Malawi benefits from Scotland’s climate fund

President Lazarus Chakwera says a Scottish fund of about $2.4 million for poor countries hit by climate change is making a significant difference in Malawi.
Chakwera said this in an interview with the British Broadcasting Corporation on Wednesday.
“What Scotland is already doing is what everybody else needs to be doing,” Chakwera said.
He said the Scottish fund for poor countries hit by climate change should be a prototype for the whole world.
Chakwera added that describing the money as aid is wrong and that it should, instead, be seen as countries taking responsibility for climate change together.
Scotland has allocated about £2 million ($2.4m) to climate change interventions, one of which is benefitting Malawi.
Meanwhile, natural resources management activist Julias Ng’oma has said with the scale of damage caused by recent cyclones such as Ana and Gombe, more funds are required to address the challenges.
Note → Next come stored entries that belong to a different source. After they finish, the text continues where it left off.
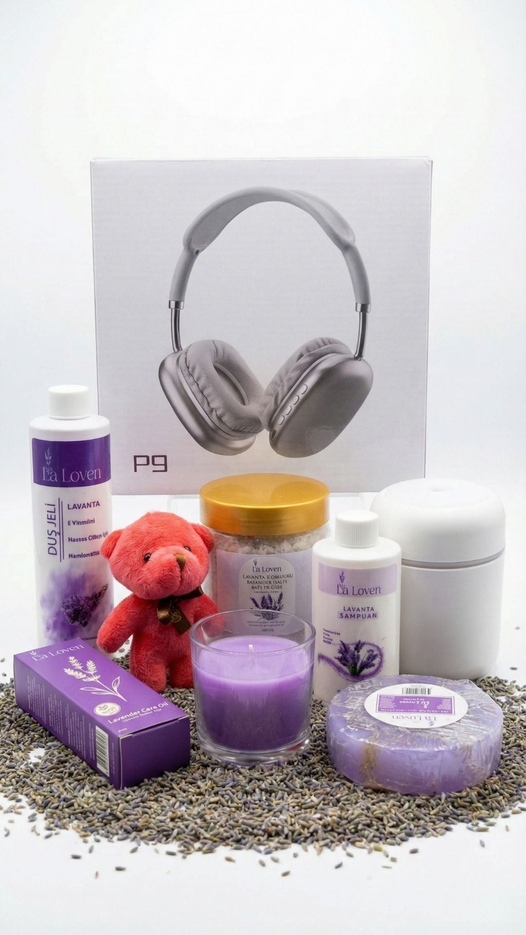 Lavanta Relax Hediye Seti – Bluetooth Kulaklık, Duş Jeli, Lavanta Bakım Yağı, Banyo Tuzu, Şampuan, Difüzör, Peluş Ayıcık, Kavanoz Mum, Lavanta Sabun
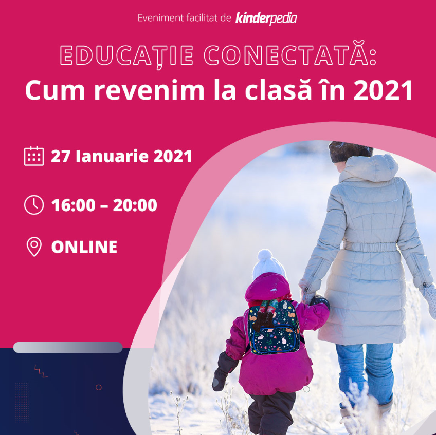 Kinderpedia organizează cea de a doua ediție a evenimentului Educație conectată, cu tema Cum revenim la clasă în 2021. Conferința aduce în prim plan implicațiile revenirii copiilor la școală sau la grădiniță. Vom discuta despre nevoile profesorilor și ale elevilor, într-o nouă paradigmă de învățare și despre beneficiile oferite de tehnologie, indiferent de scenariul în care va avea loc revenirea.
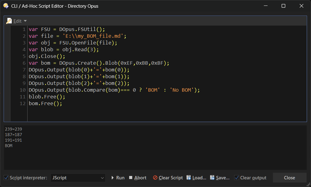 DOpus.Output('File Encoding: ' + encoding + '\nIs ANSI: ' + (encoding == sysEnc ? "Yes" : "No"));
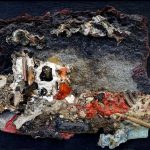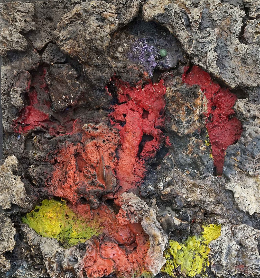 Se infatti i pastelli sono colore e luce, i materici sono materia e ombra: un microcosmo, una natura ricreata. Sono ricami di materia colata, di parti sporgenti, ammassi di plastiche combuste con il cannello e lavorate ancora incandescenti, per ricreare rocce, ghiacciai, fondali marini, fango e terra calpestata. L’artista bruciava strati su strati di plastiche e colature di vinavil mentre le esalazioni nere ardevano nei suoi polmoni. La cosa più terribile è che sapeva a cosa stesse andando incontro…Ma il dono dell’Arte non si può fermare: solo così nascono i veri capolavori…”.
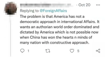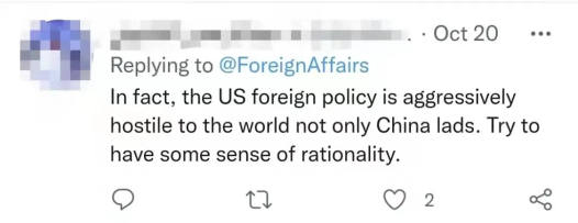 調(diào)查結(jié)果刊出后,海外網(wǎng)友也紛紛在《外交》雜志推特留言表達(dá)自己的觀點(diǎn)。

“There is a lot of work related to identification of non-economic loss and damage and the need to find ways of financially supporting this. Other developed countries can learn from the Scottish example to support interventions related to loss and damage” Ng’oma said
The Scottish government announced in 2021 that it would begin funding so-called “loss and damage” projects
Loss and damage refer to the impacts of climate change such as increasing storms and more destructive weather patterns.